Its umbrellas beat like scooping bat wings, and the greased hessian held it. It flew random as a butterfly, staring at the moon with cats’ and dogs’ eyes, its numerous limbs splayed. It hunted with urban bramble, thorned stalks that whipped and pinioned prey from the air and the ground. It scoured the scrubland of cats. It spasmed between tower blocks, each wing contraction jerking it through the air. It shouted the words it had learned, without sound.

There were only two nights that it could fly, before it was too large, and it loved them. It was aware of its pleasure. It used it as it grew. The summer became unusually hot. The familiar hid in the sudden masses of buddleia. It found passages through the city. It lived in wrecking yards and sewers, growing, changing, and using.

Though it replaced them regularly, the familiar kept its old eyes, moving them down itself so that its sight deteriorated along its back. It had learned caution. It was educated: two streets might be empty, but not identically so, it knew. It parsed the grammar of brick and neglected industry. It listened at doors, cupping the cones of card, the plastic funnels with which it extended its ears. Its vocabulary increased. It was a Londoner.

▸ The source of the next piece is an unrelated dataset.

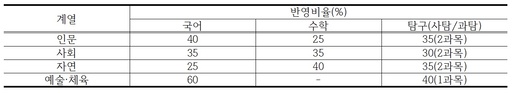 이에 따라 인문, 사회, 자연, 예술·체육 계열의 모집 단위를 수능 과목별 반영 비율이 변경됐다. 인문, 사회, 자연, 예술·체육 계열별 수능 영역 반영 비율이 달라 표준점수의 단순 총점이 같더라도, 반영 비율이 높은 영역의 성적에 따라 수능 환산 점수에 차이가 있다.

Every house it passed it marked like a dog: the familiar pissed out its territory with glands made from plastic bottles. Sniffing with a nose taken from a badger, it sprayed a liquid of rubbish-tip juices and the witch’s blood in a rough circle across the flattened zones of the north city, where the tube trains emerged from underground. The familiar claimed the terraced landscape.

It seemed a ritual. But it had watched the little mammals of the landfills and understood that territory was a tool, and it used it and learned it, or thought it did until the night it was tracing its limits into suburban spaces, and it smelt another’s trail.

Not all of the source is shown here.